Why Canada’s Upcoming Safe Social Media Act May be Dead on Arrival
Australia’s world-first attempt to legally ban teenagers from social media has suffered a major breakdown just months after going live. According to a Reuters report, the country’s under-16 social media ban is failing to clear the very first step of age verification.
The collapse offers a timely warning to Ottawa, where the federal government is currently pushing forward with its own matching legislation under Bill C-34, the Safe Social Media Act.
The alarming findings come from a study by KJR, a software testing firm that originally advised the Australian government on how to roll out its age-assurance infrastructure. Researchers decided to test the real-world compliance of the law by opening fifty dummy accounts across nine major online networks, including Instagram, Snapchat, TikTok, and YouTube.
For every single account, the testers manually declared the user’s age as sixteen. Astonishingly, not a single platform asked for verification or proof of age before opening the account. The massive failure exposes a fundamental structural flaw in how tech companies handle age tracking.
This failure of the Australian model directly undermines the core logic behind Canada’s proposed Bill C-34. Introduced by Heritage Minister Marc Miller, the Safe Social Media Act aims to impose a strict 16-year-old minimum age limit for creating social media accounts in Canada, threatening non-compliant tech firms with fines of up to 3 percent of their global revenue.
However, the messy reality on the ground shows that a blunt ban is structurally impossible to enforce. If sophisticated tech giants cannot accurately trigger an initial age check across millions of active daily users, a Canadian mandate will hit the exact same roadblock.

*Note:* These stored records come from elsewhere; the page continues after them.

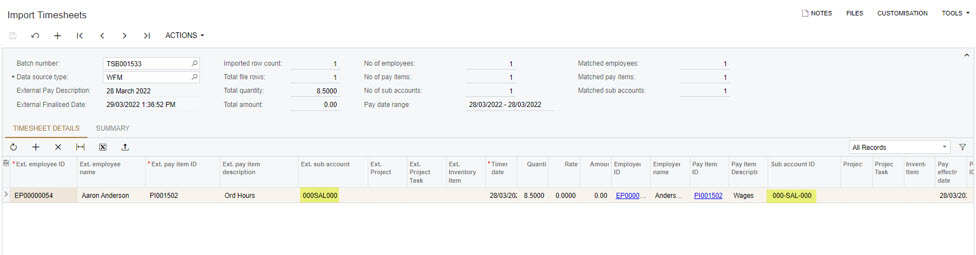 Demonstration of Cost Centre to Sub Account mapping functionality between Workforce Management and Advanced Payroll.
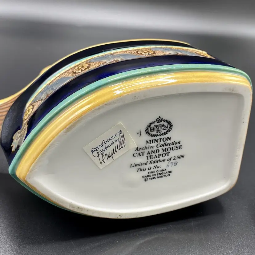 Minton supplied many famous institutions during the 19th century for both art porcelain pieces and also encaustics tiles. Minton exhibited pieces at the Great Exhibition of 1851, received a gold medal in 1855 for the Exposition Universelle in Paris, and had prestigious clients like Queen Victoria. The manufactory was internationally renowned and was knew for several specialties, China bone, Majolica, Parian ware, and Japonism ware and Secessionist ware, circa 1970 the company merged with others like Royal Doulton then eventually disappeared in 2005.
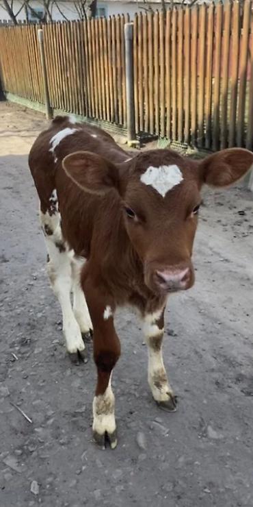 Simental tipli dişi buzov/malla – qırmızı-ağ rəngli, ləkəli naxışlı. Orta boylu, sağlam bədən quruluşu, düz ayaqlar və enli döş qəfəsi görünür. Boyun hissəsində dəmir zəncir bağlaması var, təsərrüf...
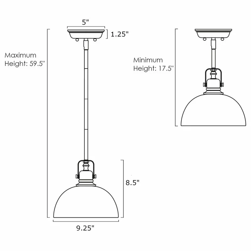 - DIMENSIONS: 8.5″ (H) x 9.25″ (D), Canopy: 5″ (D) x 1.25″ (H), Shade: 4.5″ (H) x 9.25″ (D). Includes (1) 6″ and (3) 12″ downrods for desired hanging height. Minimum/Maximum: 17.5″- 53.5″

A separate study published in the British Medical Journal highlights the absurdity of the situation. Researchers tracking teenagers three months after the Australian ban took effect found that a staggering 86% of adolescents under sixteen simply continued to use their favorite apps. The most common workaround was the oldest and simplest trick in the digital book i.e. teenagers just lied about their birthday or logged into an account belonging to a friend or older sibling.

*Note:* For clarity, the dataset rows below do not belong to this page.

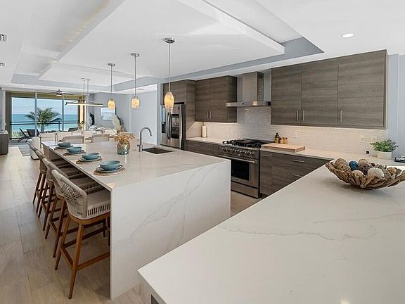 DIRECT Oceanfront 4 BR 4 BA Plus Den Residence with Private 2 Car Garage. This SPECTACULAR residence feels like a PRIVATE Oceanfront Home as it takes up the entire floor of the building. Direct lobby access from your private 2 Car Garage. Secure elevator takes you to your private vestibule entry. So many luxurious features with Wood Flooring, Ceiling Treatments, Quartz Countertops, Gas Range, Custom Cabinetry, and an Owners Suite to rival the best resorts. The spacious oceanfront terrace provides outdoor living and dining. All the doors and windows are impact rated plus there are automatic storm shutters on the ocean terrace providing additional protection. The guest wing is separate from the main living areas providing privacy for all. Windows all have automatic, remote control blinds for privacy. Resort style grounds with a Ocean View Gym with Tonal system, a Sauna, Heated Pool, Spa, Summer Kitchen, and Private Beach Crossover. Come live the luxurious beach life!
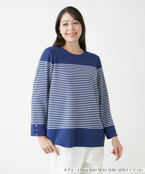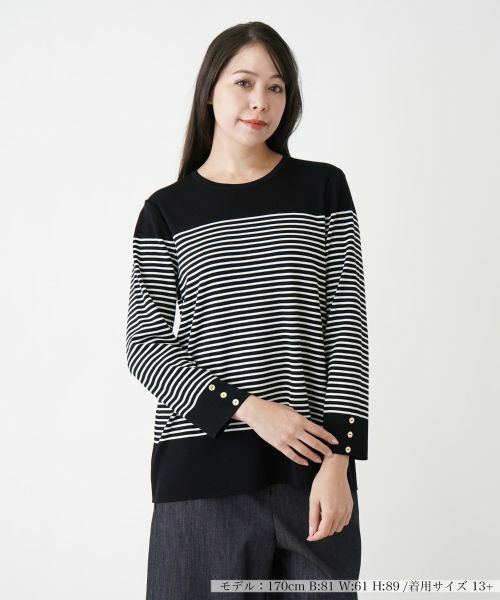 爽やかなマリンボーダーが目を惹くニットトップス。上品さとカジュアルさが絶妙に調和したデザインで、袖口にはヴィンテージライクなボタンがアクセントとして施され、ディテールにもこだわりが光ります。ゆったりとしたシルエットが動きやすさと快適な着心地を実現し、リラックス感のあるスタイリングが楽しめます。シンプルながらも洗練された印象を与え、デニムやスカートとの相性も抜群。デイリールックはもちろん、少しおしゃれを意識したシーンでも活躍します。
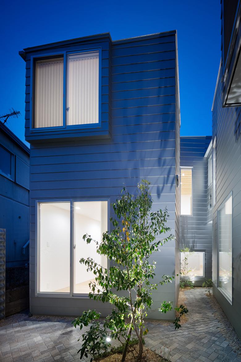この長屋は、壁やオートロックで各々のスペースを分断してプライバシーを保ち、効率よく住戸を並べる集合住宅ではない。住戸が路地や庭に開き様々に関係しながらもそれらの配置や開口の開け方、植栽によって互いに程よい距離を保ち、部分的にはシェアすることで、住み手の住まいとしての意識が住戸の外に広がる状態を目指した。
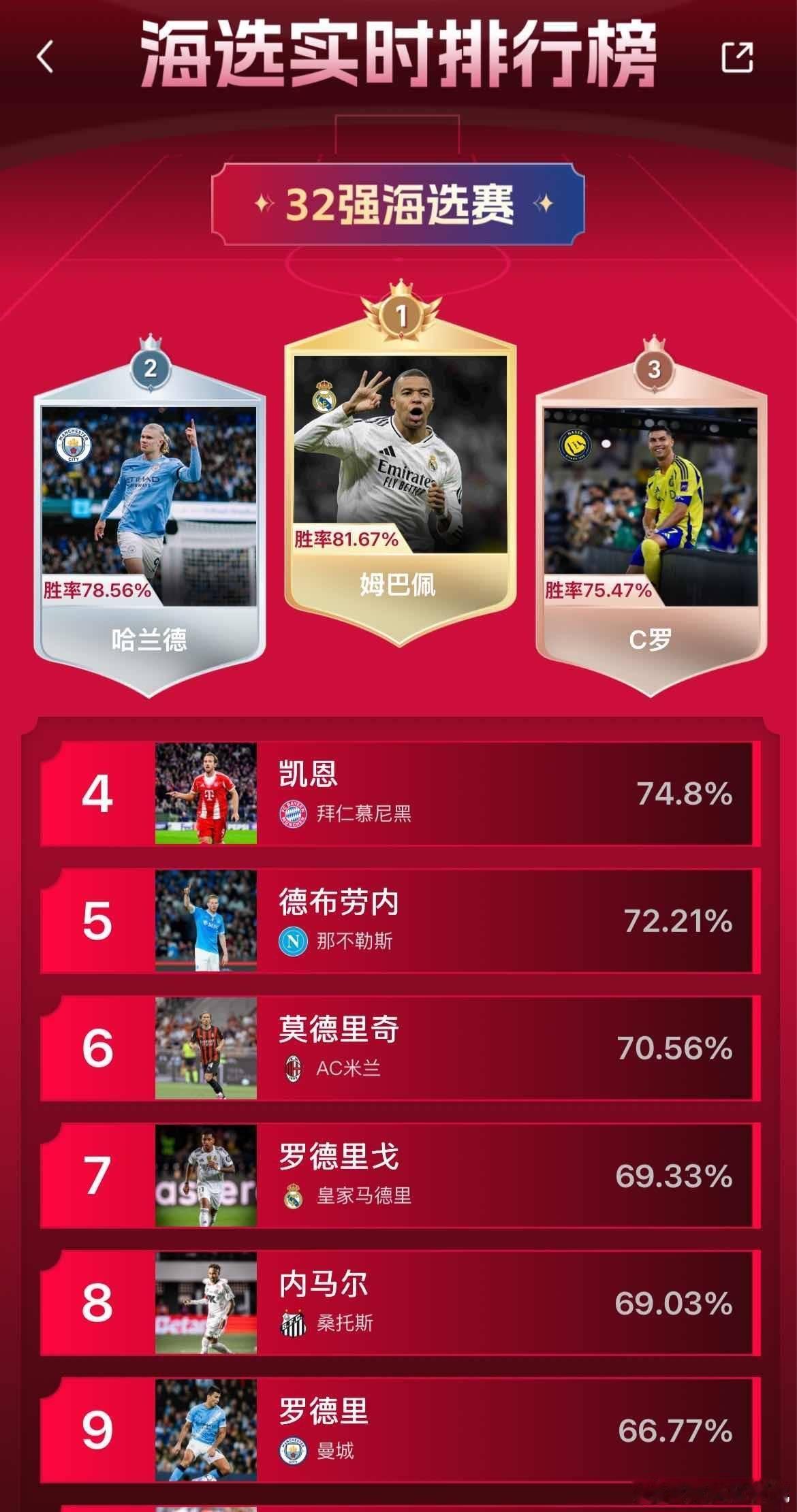 2025足坛球星年终大战活动今日中午12点开启,目前正在火热进行中。第一阶段32强海选时间为12月18日12:00至12月19日23:59,该阶段由雷速编辑根据球员表现等维度筛选出300名球星,用户使用无限PK模式进行投票选出前32名。
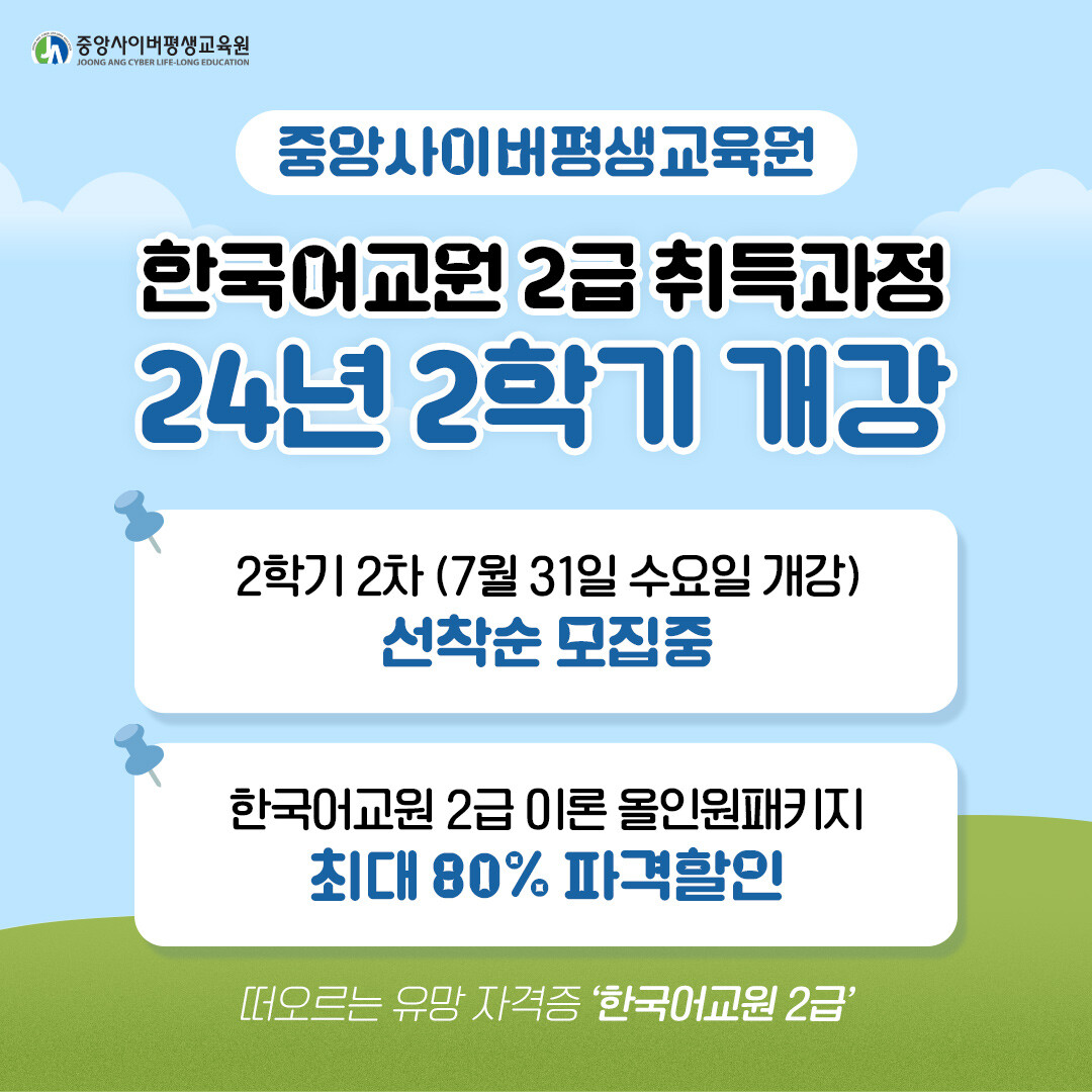 국가평생교육진흥원 평가인정 교육훈련기관인 중앙사이버평생교육원에서는 2024년도 2학기 2차 개강 일정으로 한국어교원 2급 자격증 취득 과정을 모집 중에 있다. 개강일은 7월 31일(수)이며, 수강신청은 개강일 하루 전인 7월 30일(화)까지 가능하다.
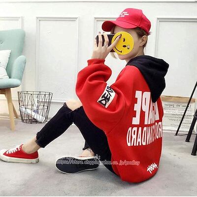 レディース パーカー 長袖 裏起毛 トレーナー ゆったり 韓国ファッション プルオーバー フードパー

The push for a Canadian ban ignores the unintended consequences that are already hurting younger users overseas. Legal experts note that Canadian youth are already experiencing a massive news deficit following the Online News Act, which resulted in Meta blocking all news links across Facebook and Instagram nationwide.
Canadian teens have since relied heavily on YouTube and TikTok to follow current events and civic discussions. Imposing a broken account-level ban will cut them off from these vital informational spaces entirely. Rather than keeping kids safe, Ottawa risks isolating an entire generation from the digital world while doing absolutely nothing to solve the underlying online harms they face.